Последние не свелись к отдельным капризным выходкам, а вылились в полное изгнание Чуковской из ахматовского круга – без предъявления обвинений, суда и следствия (1942 г.).
Внезапно <…> Анна Андреевна <…> демонстративно, наедине со мною и при людях, начала выказывать мне <…> свою неприязнь. Что бы я ни сделала и ни сказала – все оказывалось неверно, неуместно, некстати. Я решила реже бывать у нее. Анна Андреевна, как обычно, прислала за мной гонца.

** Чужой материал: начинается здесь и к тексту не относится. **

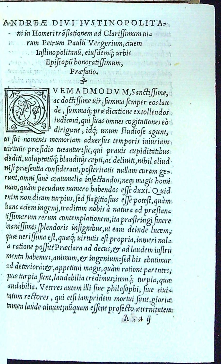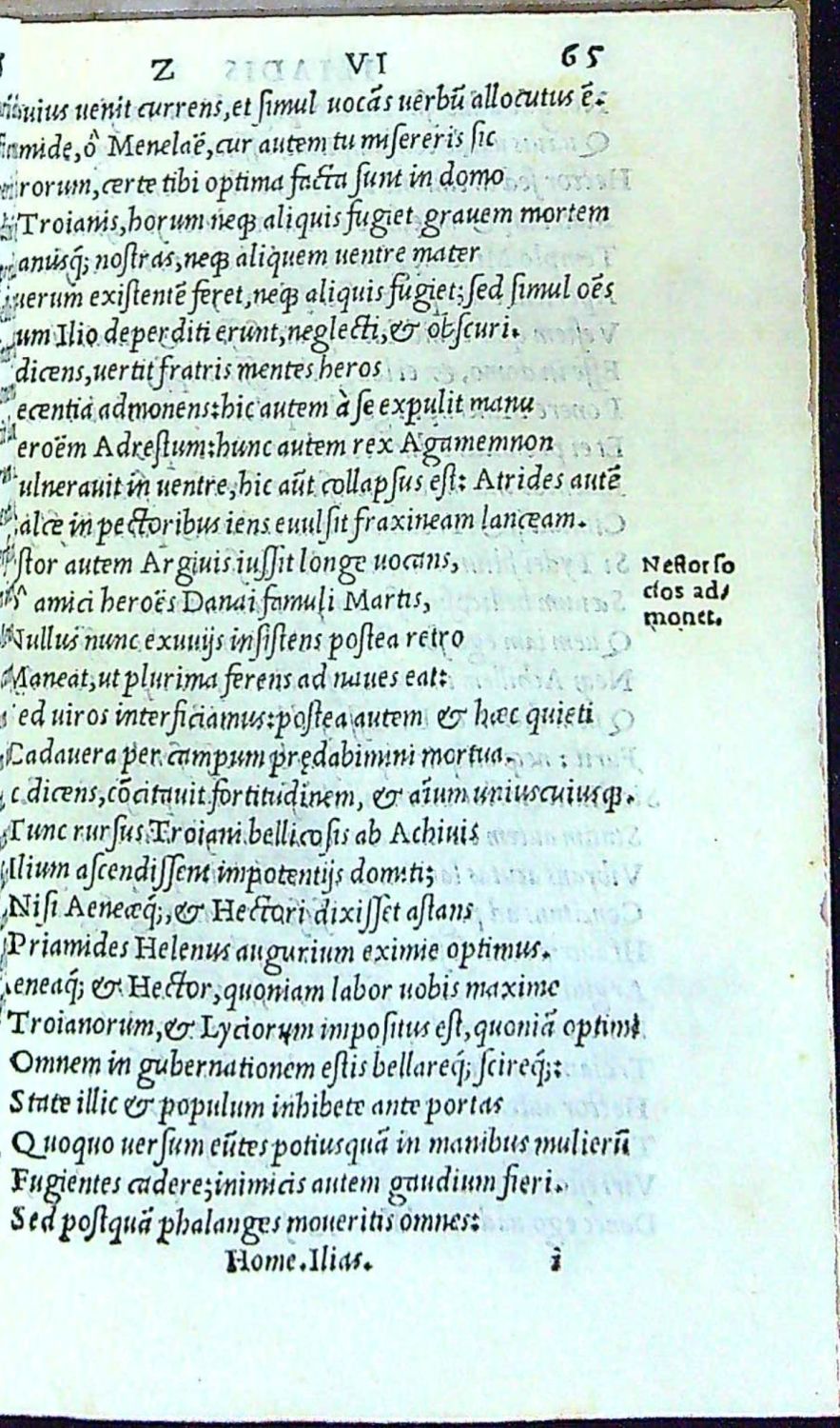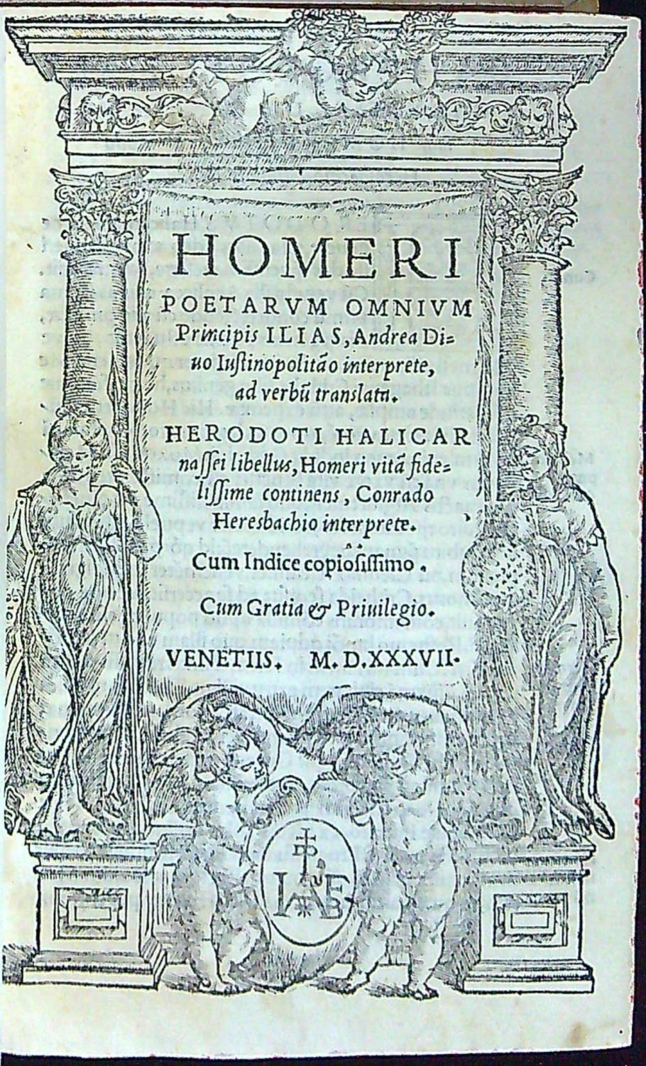 Adams H,770 (Ilias)<br>Titulní list 1. svazku "HOMERI POETAE CLARISSIMI Odyssea, Andrea Diuo Iustinopolitano interprete, ad verbu[m] translata. EIUSDEM BATRACHOmyomachia, id est, Ranaru[m] et muriu[m] pugna, Aldo Manutio interp[re]te. EIVS DEM HYMNI DEO rum. XXXII. Georgio Dartona Cretense interprete". Titulní list 2. sv. "HOMERI POETARVM OMNIVM Principis ILLIAS, Andrea Diuo Iustinopola[n]o intereprete, ad verbu[m] translata. HERODOTI HALICAR nassei libellus, Homeri vita fidelissime continens, Conrado Heresbachio interprete. Cum Indice copiosissimo". Titulní listy zakomponované v renesanční borduře, v textu řada konturových a plných iniciál zasazených v jednoduchém dvojitém rámečku na ilustrativním, či florálním pozadí, zalomených do výše 4-6 řádků, v obou svazcích signety I. A. Burgofrancha. Živá záhlaví, tištěné poznámky po stranách, v Odyssee od folia 214 interpretace Homéra od Alda Manutia. Do latiny přeložil Andrea Diuo. <br>Pergamenové vazby z 18. století, ve hřbetu 3 vazy, v prvním poli černým perem napsaný název, stříkané ořízky.<br>Andreas Divus (italsky Andrea Divo Giustinopolitano či do Capodistria) renesanční učenec 16. století, latinská podoba jeho příjmení Justinopolitano naznačuje jeho původ v Kopru (Justinopolis), dnes na území Slovinska, jinak se o jeho životě ví velmi málo. Jeho překlady Homéra do latiny jsou takřka doslovné a jedná se o první tištěné latinské překlady.

Я тотчас пришла. Она при мне переоделась и ушла в гости.
Что это означало? Не сама ли она объяснила мне еще в Ленинграде: «Благовоспитанный человек не обижает другого по неловкости. Он обижает другого только намеренно».

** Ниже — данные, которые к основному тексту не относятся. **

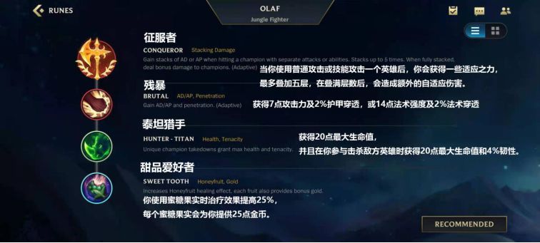 主系符文老白推荐征服者,这个符文对于奥拉夫这种战士英雄来说提高非常之高,副系第一个可以点残暴增加伤害,也可以点凯旋增加杀人后的回复能力,第二个可以点泰坦猎手,通过击杀来提高自己的坦度,最后一个符文推荐甜品爱好者,对线期性价比爆表,谁用谁知道!
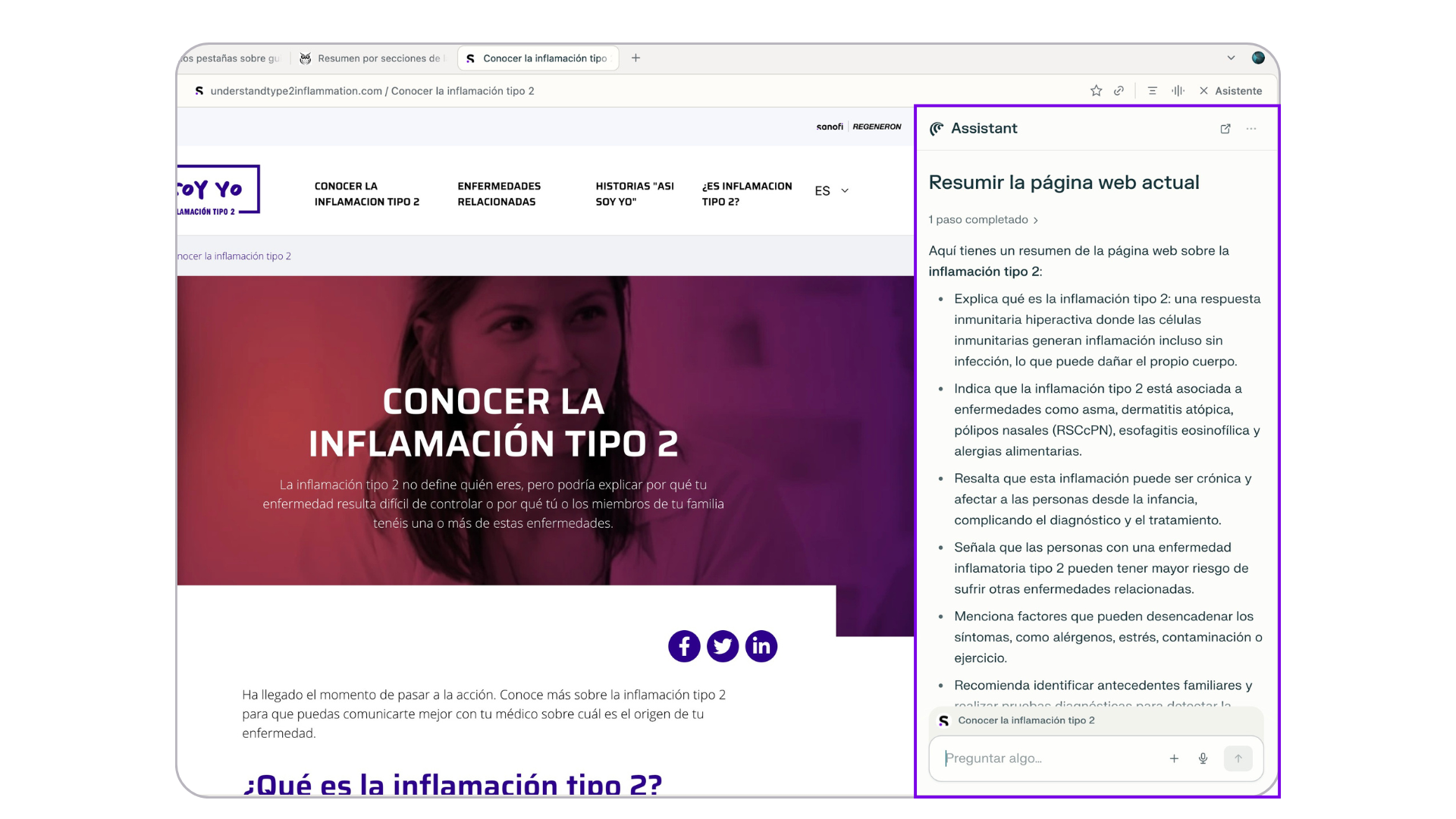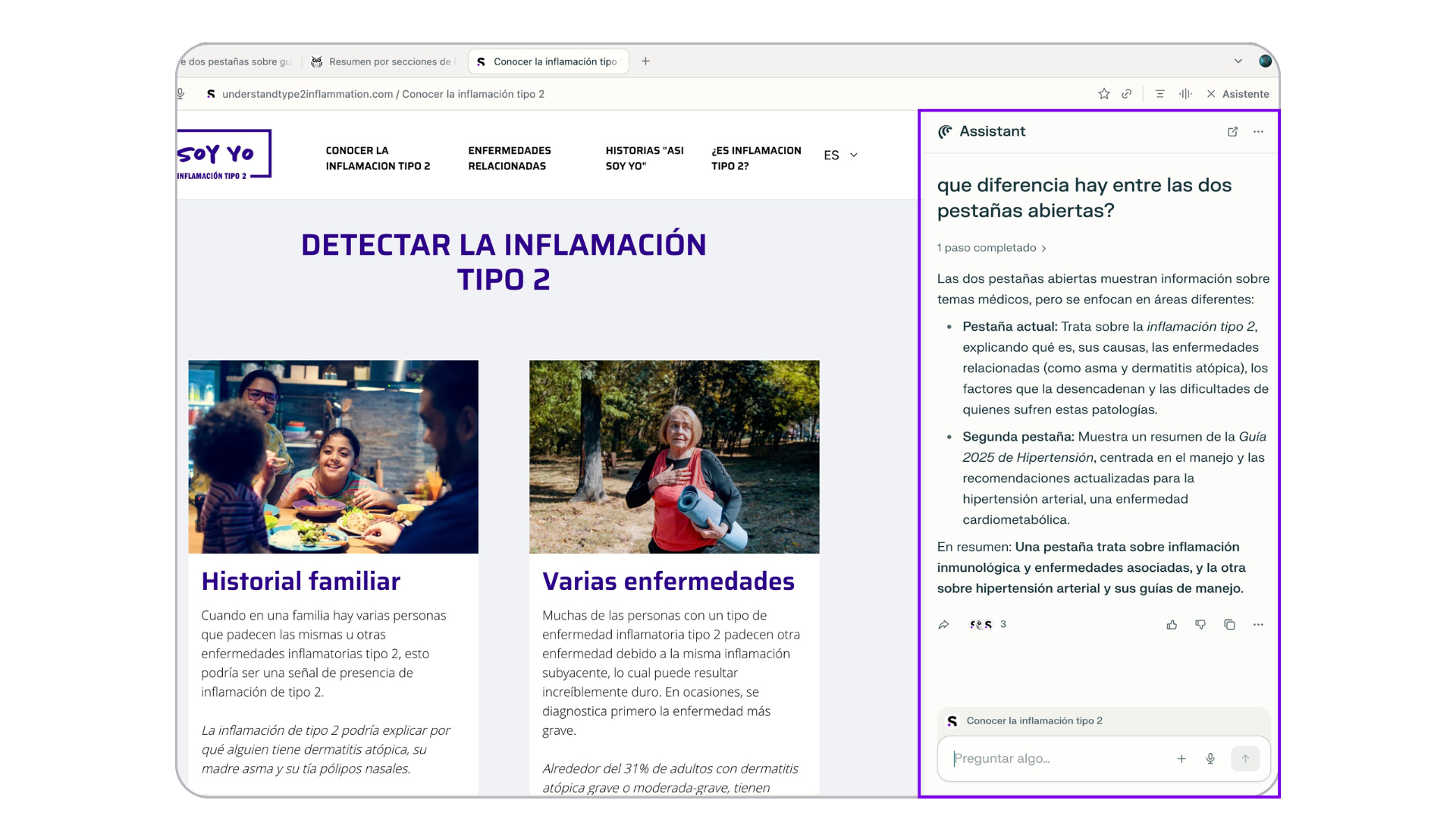 - Activa el asistente y realiza tu pregunta en el chat. Puedes usar este ejemplo: “¿Qué diferencias hay entre estas dos pestañas abiertas?”
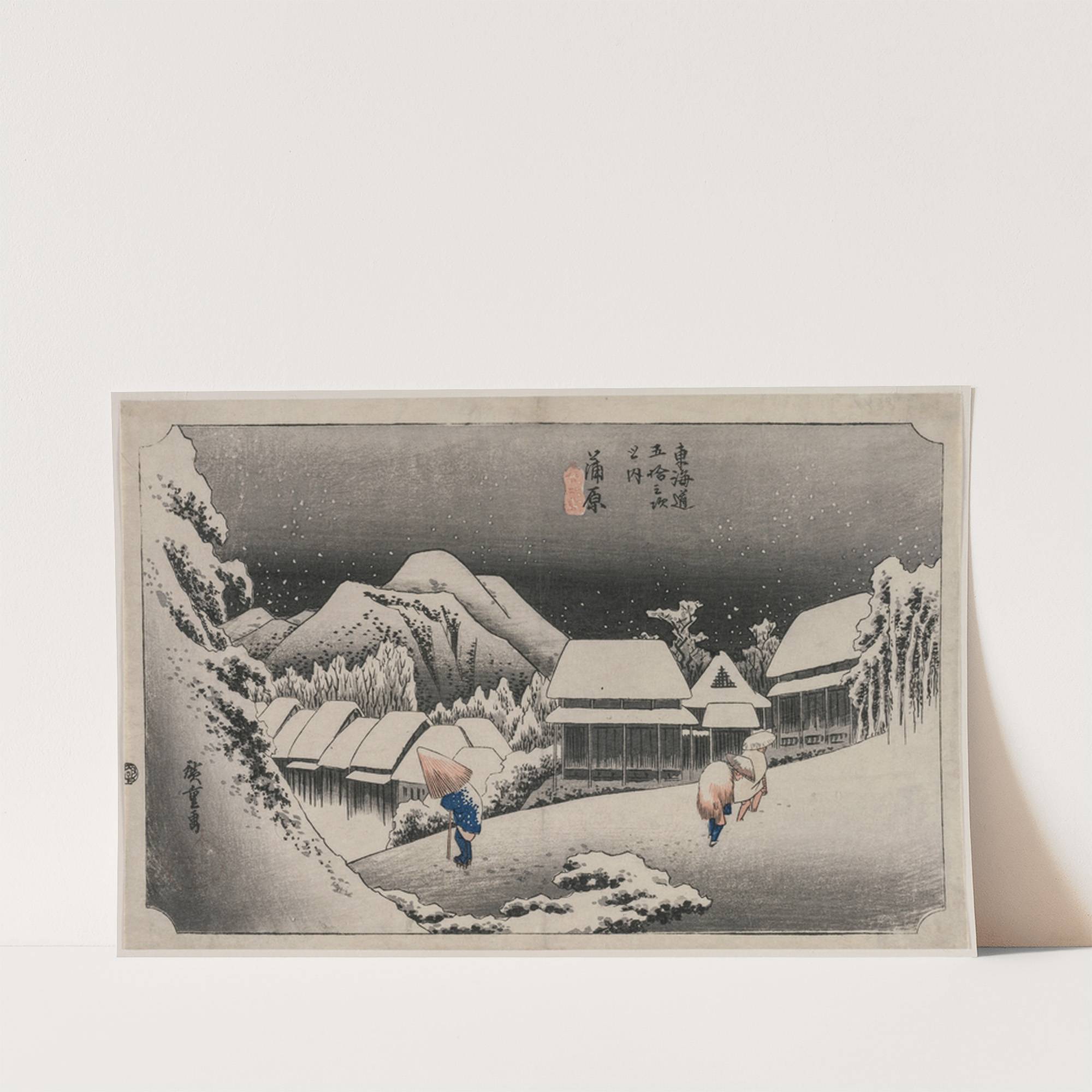 This artwork captures a serene winter scene in the traditional Japanese ukiyo-e style by artist Andō Hiroshige, titled "Evening Snow at Kambara." The composition features two travelers traversing a snowy path towards a row of rustic wooden buildings nestled among...

Вот она и принялась обижать меня намеренно <…> (хотя <…> и поручала мне по-прежнему то навести справку в издательстве, то написать письмо Гаршину; <…> то принести в больницу чайник или протертое яблоко) <…> Но вот «тифозный чад» позади, Анна Андреевна <…> здорова; а обиды, наносимые мне, продолжаются. Насколько я понимаю теперь, Анна Андреевна не хотела со мной поссориться окончательно; она желала вызвать с моей стороны вопрос: «за что вы на меня рассердились?» Тогда она объяснила бы мне мою вину, я извинилась бы, и она бы великодушно простила <…> Но <…> совесть меня не мучила, никакой вины перед Анной Андреевной я найти не могла <…> «Вас кто-нибудь оговорил!» – твердили мне свидетели происходящего <…> Разве за четыре года нашего знакомства она не успела узнать меня?
[Там же: XVI–XVIII]
Вероятно, по «делу» Чуковской был заочно и безапелляционно произнесен приговор типа «Она для меня больше не существует!». Разрыв пережил даже ждановское постановление.

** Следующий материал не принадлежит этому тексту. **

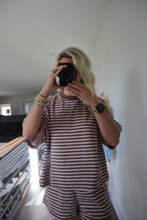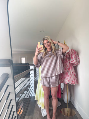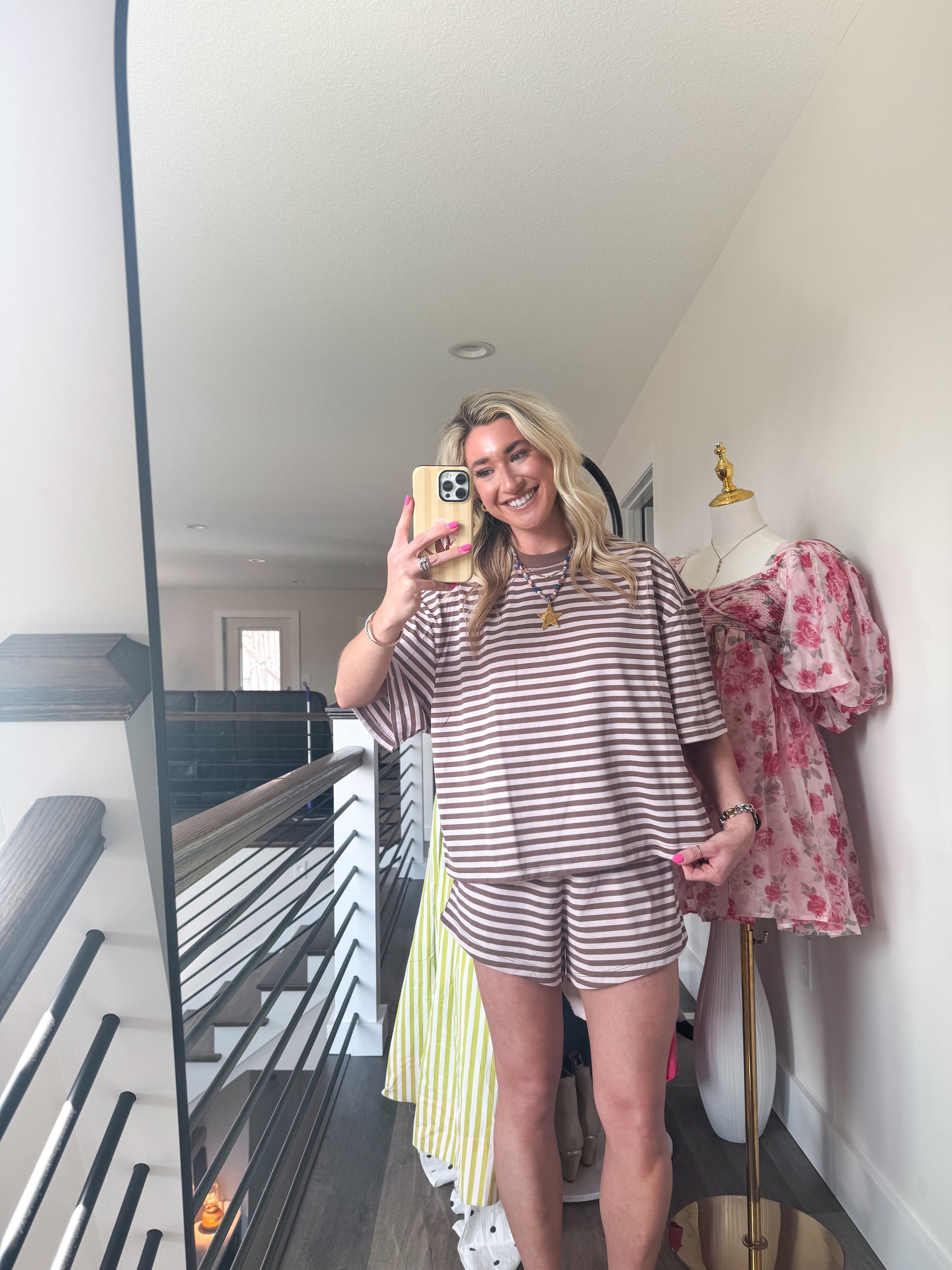 The Caramel Dream Short Set pairs effortless comfort with timeless style. This coordinated set features a soft crew neckline top with an oversized, boxy silhouette and dropped shoulders, paired with relaxed elastic-waist shorts. Horizontal stripes run throughout both pieces, creating a cohesive, laid-back look. The knit construction offers breathability and softness, while the pull-on shorts design makes getting dressed a breeze. Perfect for lounging, running errands, or casual weekend wear.

В 1946 году <…> я рванулась было в Ленинград <…> но – остановила себя. Из страха перед властями? Нет. Из страха перед нею, перед Анной Андреевной <…> Снова навязать ей свою персону, пользуясь ее новой бедой, казалось мне грубостью. Я побаивалась, что мой внезапный приезд она истолкует как попытку возобновить наше знакомство, оборванное по ее воле <…>[674]
Пойму ли я когда-нибудь, что случилось в Ташкенте? И – забуду ли? <…> [И]спытанную боль, сознательно причиненную мне ни с того ни с сего, – помню.
[Там же: XIV, 385]
Но еще через шесть лет Чуковская решает, что
<…> жить в стране, где живет и творит Ахматова, и не видеть и не слышать ее – <…> нелепость <…> Я набрала номер <…> назвала себя.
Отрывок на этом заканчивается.